Of more concern is that neither the Christian Democrats nor the Liberals is willing to sign any sort of formal agreements to support a new Conservative-Progress government. They blame some of their own poor election results on their failure to get enough credit for Solberg’s and Progress leader Siv Jensen’s accomplishments. Most importantly, both small parties were mightily offended during the campaign by Progress’ controversial and tough-talking immigration minister, Sylvi Listhaug, who worked hard to ensure votes from Progress’ most right-wing constituency but alienated both support parties in the process.

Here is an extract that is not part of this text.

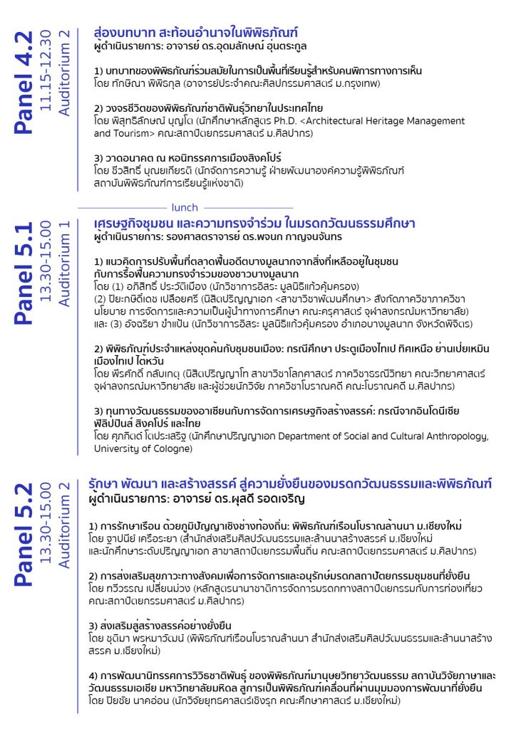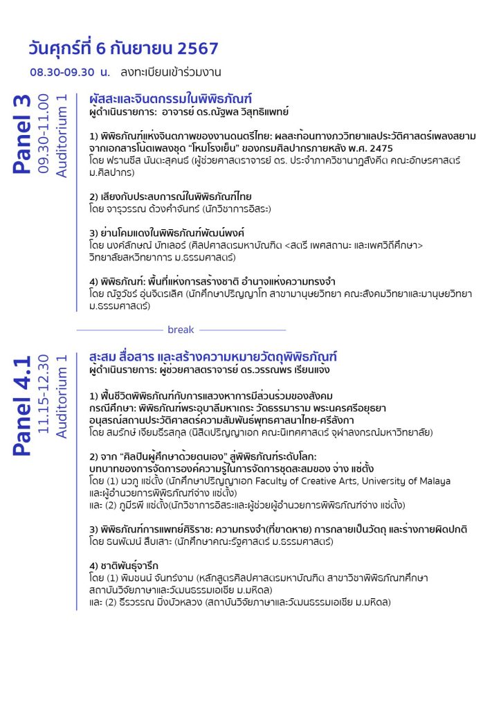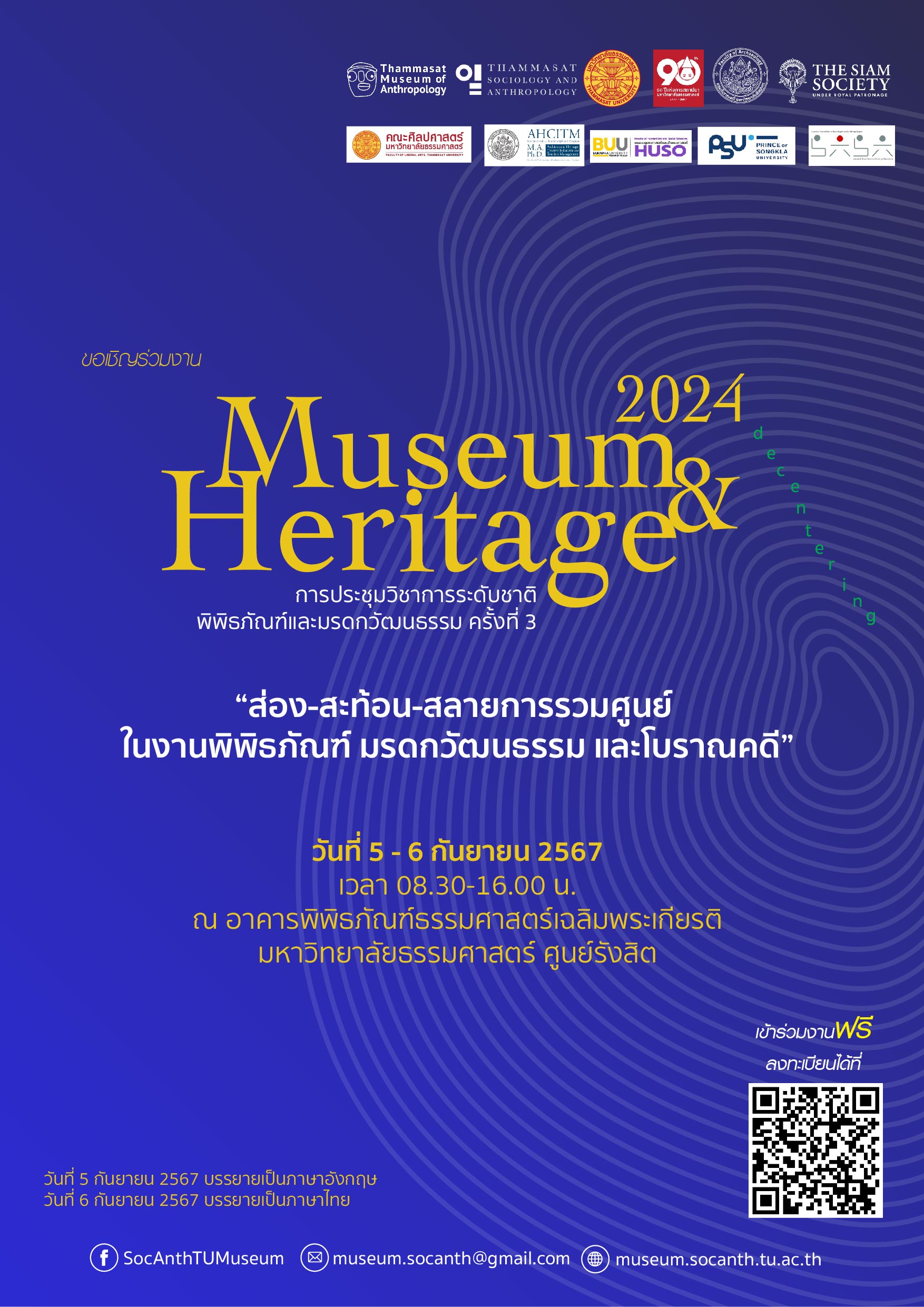 การประชุมวิชาการระดับชาติ พิพิธภัณฑ์และมรดกวัฒนธรรม ครั้งที่ 3 14/ส.ค./2024 363 views พิพิธภัณฑ์ธรรมศาสตร์เฉลิมพระเกียรติ คณะสังคมวิทยาและมานุษยวิทยา มหาวิทยาลัยธรรมศาสตร์ ร่วมกับ มหาวิทยาลัยสงขลานครินทร์ คณะศิลปศาสตร์ มหาวิทยาลัยธรรมศาสตร์ คณะมนุษยศาสตร์และสังคมศาสตร์ มหาวิทยาลัยบูรพา หลักสูตรนานาชาติการจัดการมรดกทางสถาปัตยกรรมกับการท่องเที่ยว คณะสถาปัตยกรรมศาสตร์ มหาวิทยาลัยศิลปากร คณะโบราณคดี มหาวิทยาลัยศิลปากร สยามสมาคมในพระบรมราชูปถัมภ์ และสมาคมนักสังคมวิทยาและนักมานุษยวิทยาสยาม (สสมส.) ขอเชิญผู้ที่สนใจเข้าร่วมฟังการประชุมวิชาการระดับชาติ พิพิธภัณฑ์และมรดกวัฒนธรรม ครั้งที่ 3 “ส่อง-สะท้อน-สลายการรวมศูนย์ ในงานพิพิธภัณฑ์ มรดกวัฒนธรรม และโบราณคดี” วันพฤหัสบดีที่ 5 และวันศุกร์ที่ 6 กันยายน 2567 วันที่ 5 กันยายน 2567 บรรยายเป็นภาษาอังกฤษ วันที่ 6 กันยายน 2567 บรรยายเป็นภาษาไทย ณ อาคารพิพิธภัณฑ์ธรรมศาสตร์เฉลิมพระเกียรติ มหาวิทยาลัยธรรมศาสตร์ ศูนย์รังสิต ผู้สนใจสามารถลงทะเบียนออนไลน์ได้ที่ https://forms.gle/HJDdG2cWbQMJWQ2Q6 **ขอสงวนสิทธิ์อาหารกลางวันและอาหารว่าง สำหรับผู้ลงทะเบียนเท่านั้น**

Solberg is thus hoping that both the Liberals and the Christian Democrats will now actually join a new four-party government coalition, and so are many others who think Solberg and Jensen did a good job together and want their policies and projects to continue. The best way for the non-socialists to do that, many argue, is for all four of their parties to share government power (commensurate with their election results) in the form of ministerial positions and daily participation in policy formulation. They could then also debate issues internally instead of risking prestige through potentially divisive public conflicts. Powerful voices within Norwegian business and even the environmental movement in Norway are urging both the Liberals and Christian Democrats to swallow their pride, take on government responsibility and thus prevent the left-center parties in opposition from toppling the government.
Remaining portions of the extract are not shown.